Catholic order offered two black men only $15,000 each to settle sex abuse claims: report

The Catholic Church settled two sexual abuse cases in the Mississippi Delta involving black men for significantly less money than the national average and that offered to white victims, according to The Associated Press.

In January, the Rev. James G. Gannon, an official representing the Franciscan religious order, offered Southhaven, Miss., resident La Jarvis D. Love a settlement of $15,000 over allegations of physical and sexual abuse by a Franciscan friar at a Catholic grade school, according to the AP.

{mosads}“He said if I wanted more, I would have to get a lawyer and have my lawyer call his lawyer,” Love told The Associated Press. “Well, we don’t have lawyers. We felt like we had to take what we could.”

The settlement also included a confidentiality agreement, despite the fact leaders of the church in America prohibit non-disclosure agreements in sexual abuse settlements.

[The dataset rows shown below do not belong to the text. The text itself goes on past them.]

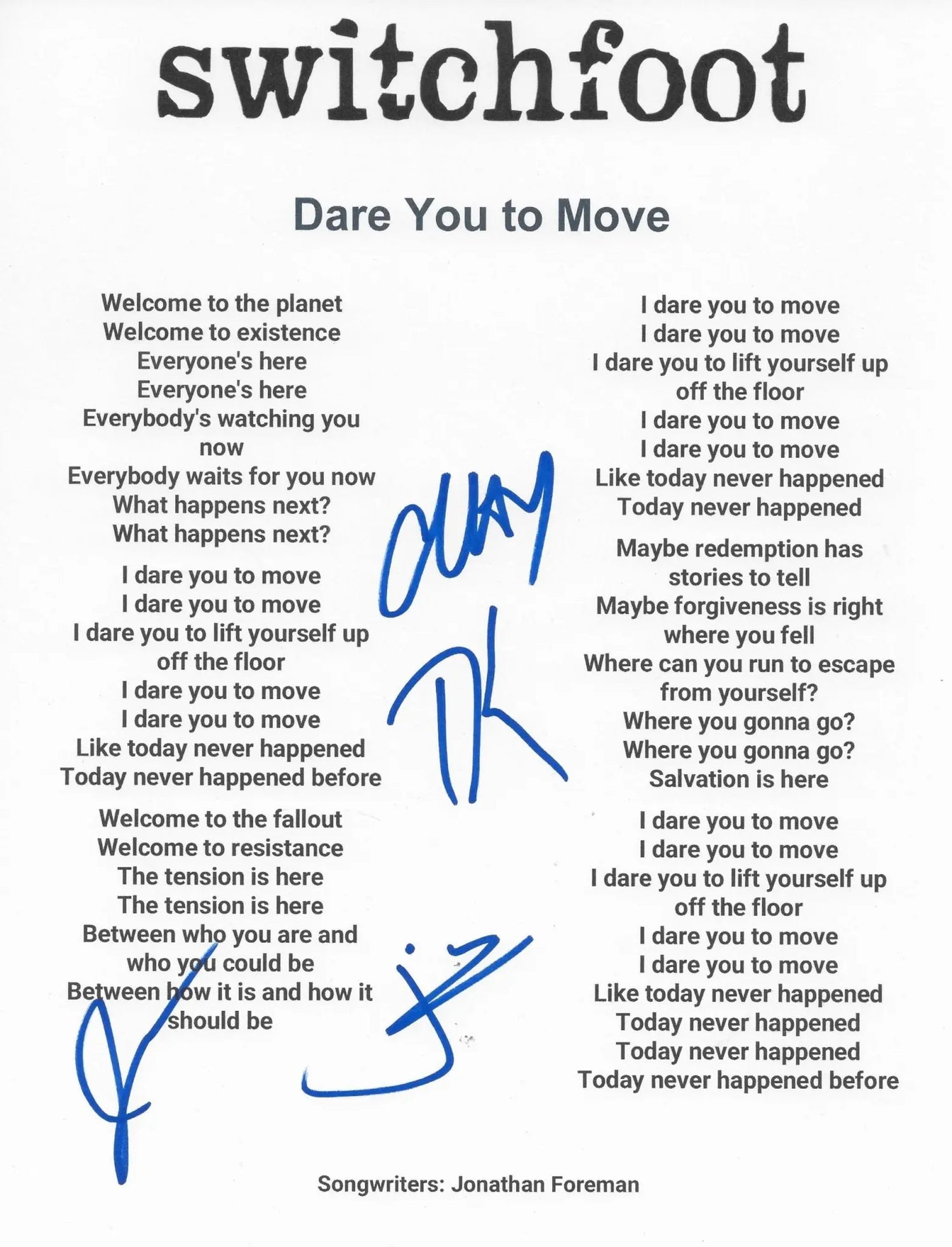 - Switchfoot Band Autographed Dare You To Move Lyrics Sheet
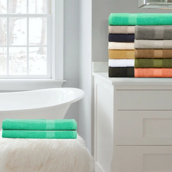 Add striking color to your bathroom with the Fulham Eco-Friendly Towel Set. Boasting a thick chevron border that compliments the vibrant, monochromatic palette of the towel, this touch of subtle texture adds a hint of glamour to the everyday shower. This generously sized set is extra absorbent and is ranked for quality control and durability, with the end hems neatly turned and firmly stitched. Great for travel, home, or dorm, this set is available in multiple bright eco-friendly colors.
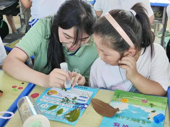 在精心布置的活动场地,实践队员刘铮引导孩子们手持放大镜,细致观察校园内收集的叶片脉络、花瓣结构。“哇!叶子的‘血管’在放大镜下跳舞呢!”“看!这片榆树叶边缘像锯齿,背面还有细细的绒毛!”四年级的王晓萌等同学的发现充满惊喜。课程伊始,队员们便强调了“尊重生命、取之有度”的理念,指导孩子们主要收集自然脱落的枝叶,或在确保不影响生长前提下谨慎采摘少量样本。

In 2006, the Diocese of Jackson settled a lawsuit with 19 sexual abuse victims, 17 of them white, for $5 million, with each victim getting an average of $250,000, and payouts elsewhere have been even higher, with a settlement in the St. Paul-Minneapolis archdiocese getting an average of $500,000 per claimant, according to the AP.

The Franciscans also reportedly tried to settle with Love’s cousin Joshua by offering him up to $10,000 to cover the cost of a used car, with Joshua eventually agreeing to sign a confidential agreement awarding him $15,000.

“They felt they could treat us that way because we’re poor and we’re black,” Joshua told the AP.

The agreements are reminiscent of the secret settlements church officials often reached with victims before 2002, when an investigation by the Boston Globe brought national attention to clerical sexual abuse, according to the AP.

Gannon acknowledged to the AP that the settlements were less generous than they could have been, but told the AP that the Loves’ race or class “absolutely” did not affect the size of the settlements.

He added that the Franciscans did not intend to enforce the confidentiality clauses, and said that as to why they were included in the first place, “the lawyers put it in there. I can’t give you a good answer on that.”